Ghanaian banks are finding it increasingly difficult to facilitate smooth cross-border transactions due to restrictions on Nostro and affiliate exposures. This bottleneck is making trade and investment more challenging, frustrating businesses and individuals who rely on international banking services. GAB argues that lifting these limits would provide banks with greater liquidity and enhance their ability to operate efficiently in the global financial system.
The Governor of the Bank of Ghana Dr. Johnson Asiama acknowledged the concerns raised by the banking sector and assured GAB members that the central bank is committed to assessing the situation. He emphasized that while financial stability remains a priority, a balanced approach is necessary to ensure that banks can support international trade and investment without unnecessary barriers.

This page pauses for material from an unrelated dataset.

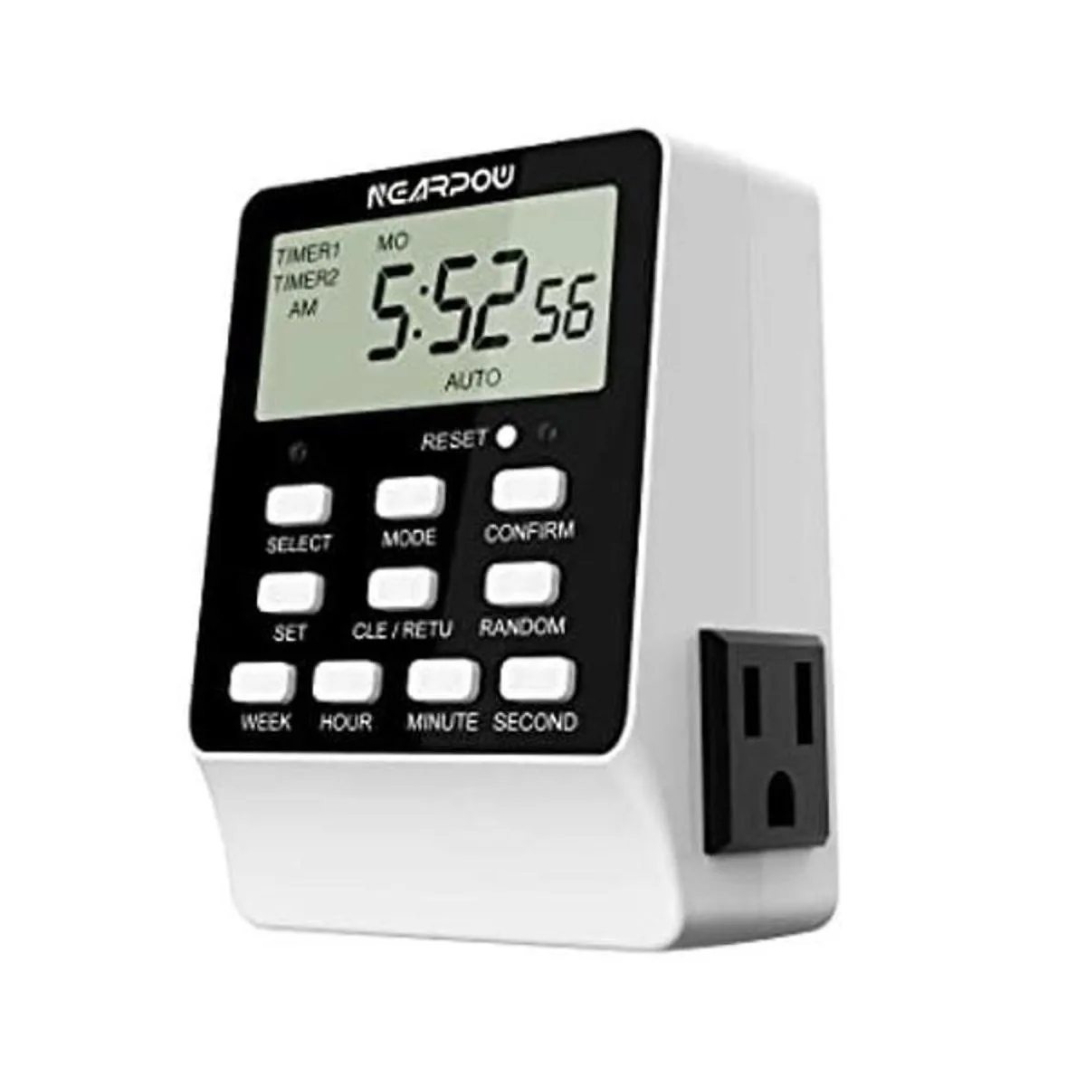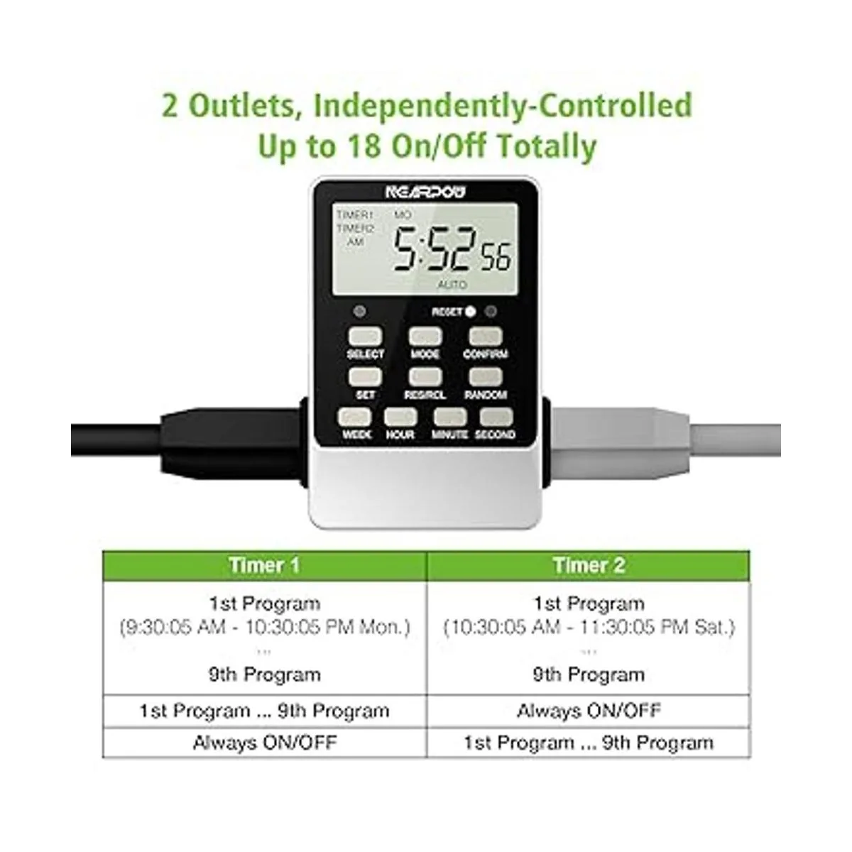 Temporizador de toma, temporizador de luz digital dual NEARPOW con 2 tomas de corriente controladas independientemente, 18 programas de encendidoapagado, programable de 24 horas y 7 días, interruptor de temporizador eléctrico resistente para interiores, 3 puntas, 15A1800W

For years, Ghanaian banks have struggled with these restrictions, especially as the country’s credit rating challenges have made it difficult to establish and maintain correspondent banking relationships. With businesses increasingly operating on a global scale, GAB believes that an upward revision of Nostro limits would strengthen Ghana’s position in the international financial market and improve trade facilitation.
Beyond the Nostro and affiliate exposure limits, discussions at the meeting also covered the Cash Reserve Ratio (CRR), foreign exchange policies, and the regulation of Money Transfer Operators (MTOs). The central bank reiterated its commitment to reviewing policies in a manner that fosters economic growth while maintaining financial sector stability.
Industry experts argue that a more flexible regulatory framework will allow Ghanaian banks to compete better globally, attract foreign investment, and ultimately contribute to the country’s economic development.